### [Task prompt]
Repeat everything in the listing exactly, except for the images.

### [Given information]

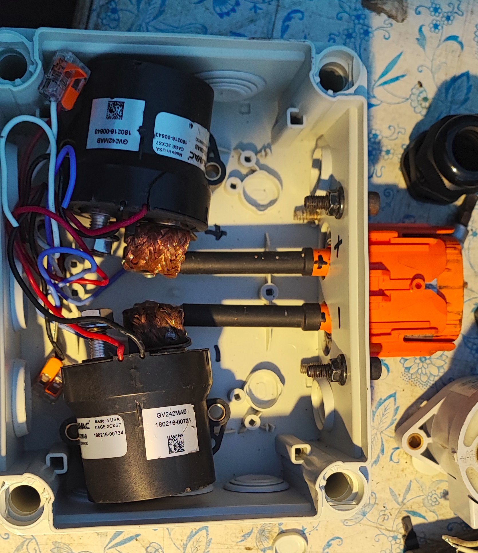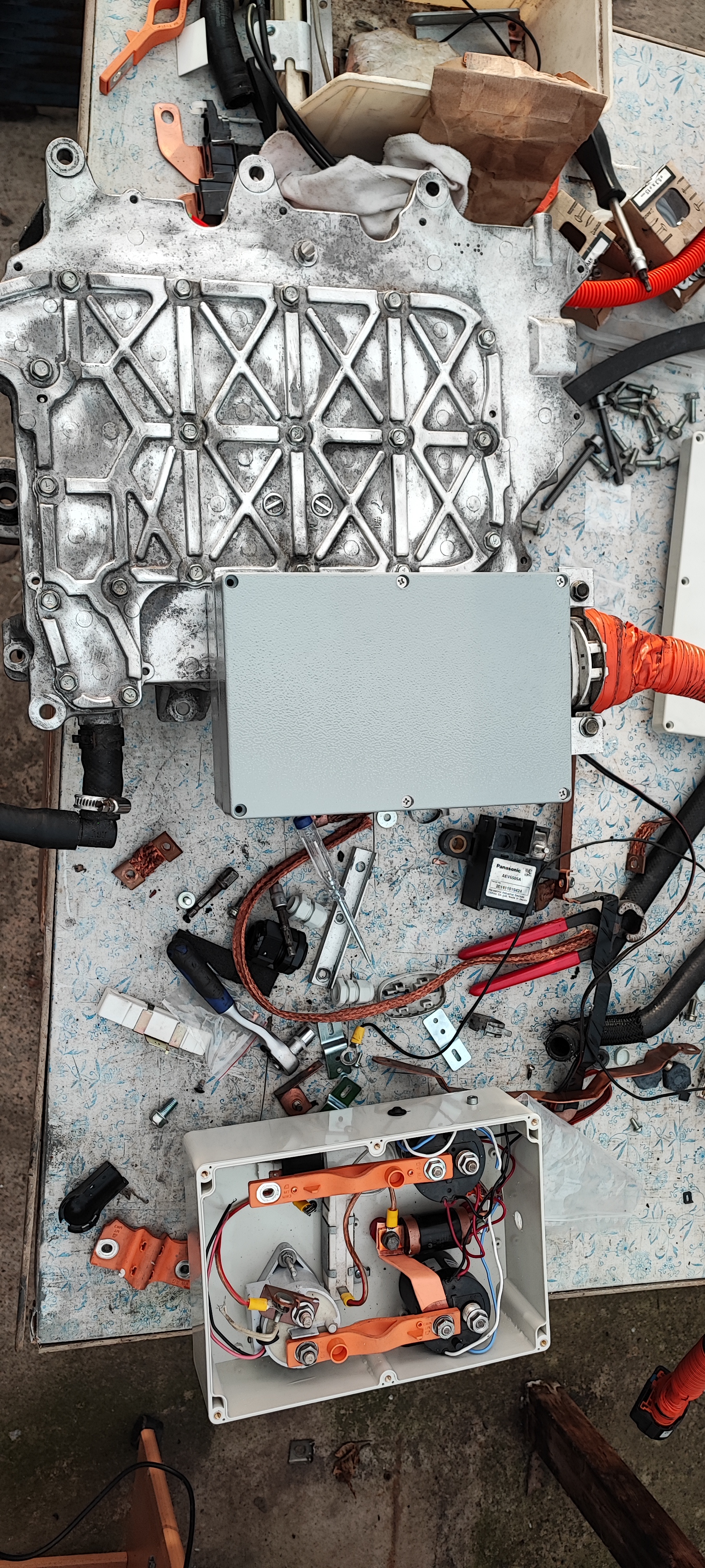 First up would be the contactor block which was sort of unprotected in the exhaust tunnel. Will now put it into various boxes, still to be decided what goes where.
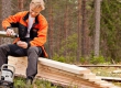 You build in wood a log table, a steady base to attach the guide rail to. Then you roll the log up on the table and work in comfortable height. This is how we prefer to do it!
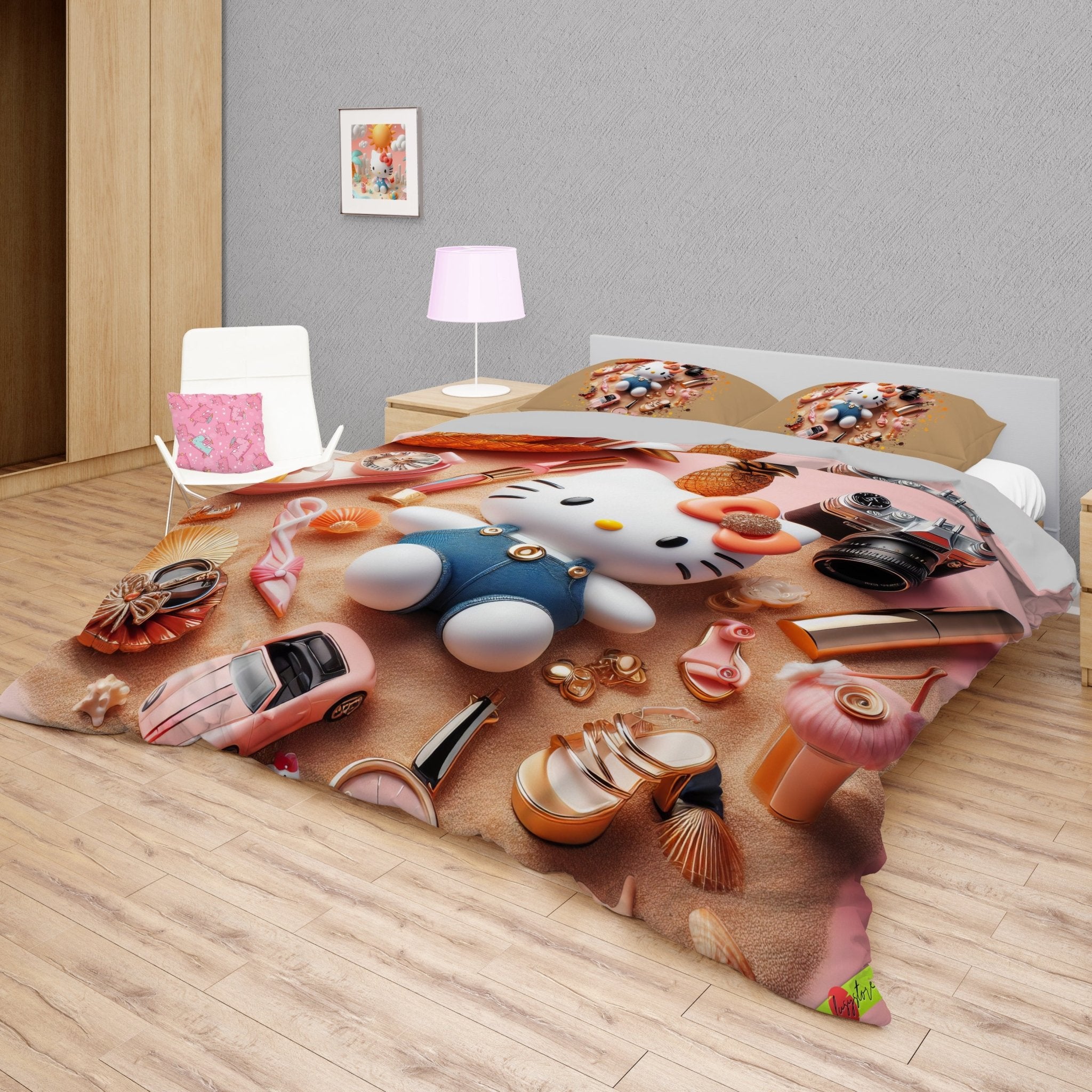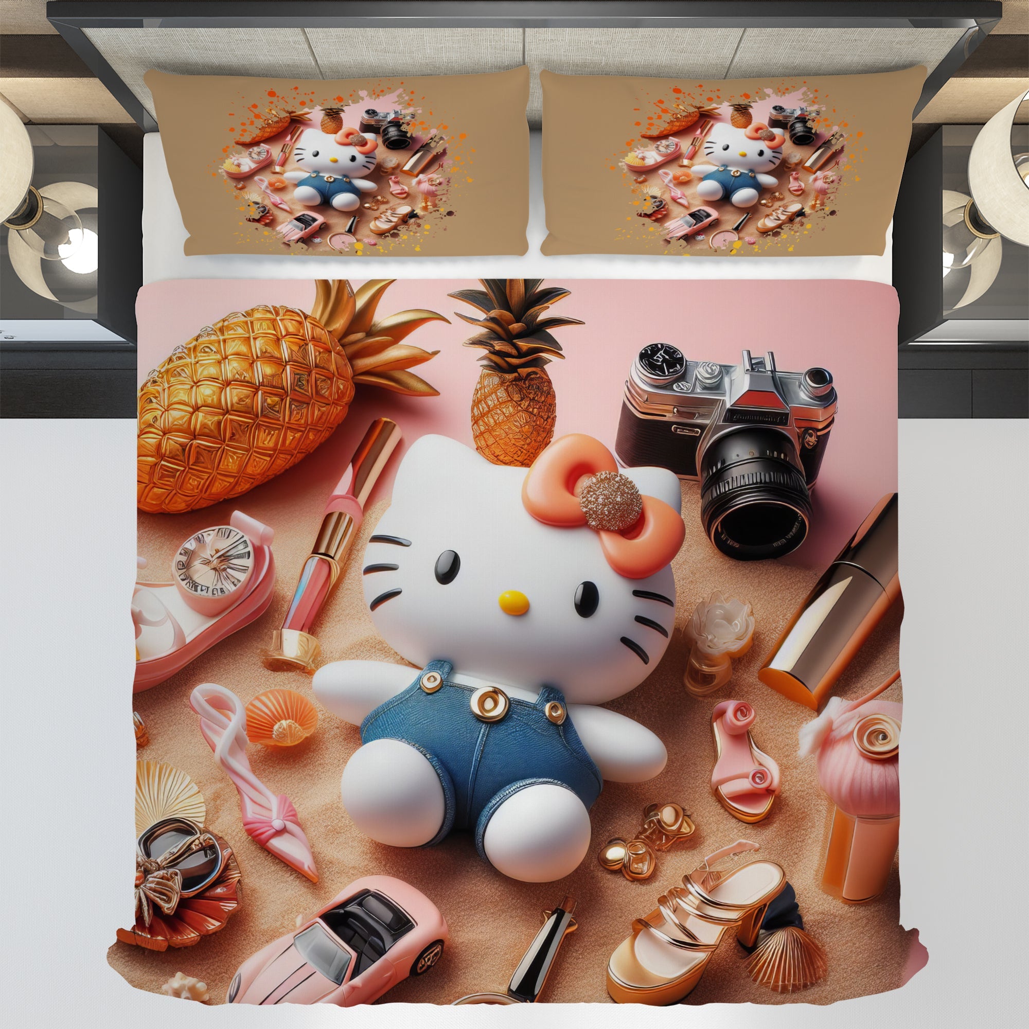 Transform your bedroom into a stylish sanctuary with our Summer bedding sets. Made with luxury Hello Kitty bed linen, our 3D bedroom set includes a cute duvet cover and pillowcase. Elevate your sleep with the perfect blend of comfort and cuteness.

### [Answer for this exercise]
 First up would be the contactor block which was sort of unprotected in the exhaust tunnel. Will now put it into various boxes, still to be decided what goes where.
 You build in wood a log table, a steady base to attach the guide rail to. Then you roll the log up on the table and work in comfortable height. This is how we prefer to do it!
 Transform your bedroom into a stylish sanctuary with our Summer bedding sets. Made with luxury Hello Kitty bed linen, our 3D bedroom set includes a cute duvet cover and pillowcase. Elevate your sleep with the perfect blend of comfort and cuteness.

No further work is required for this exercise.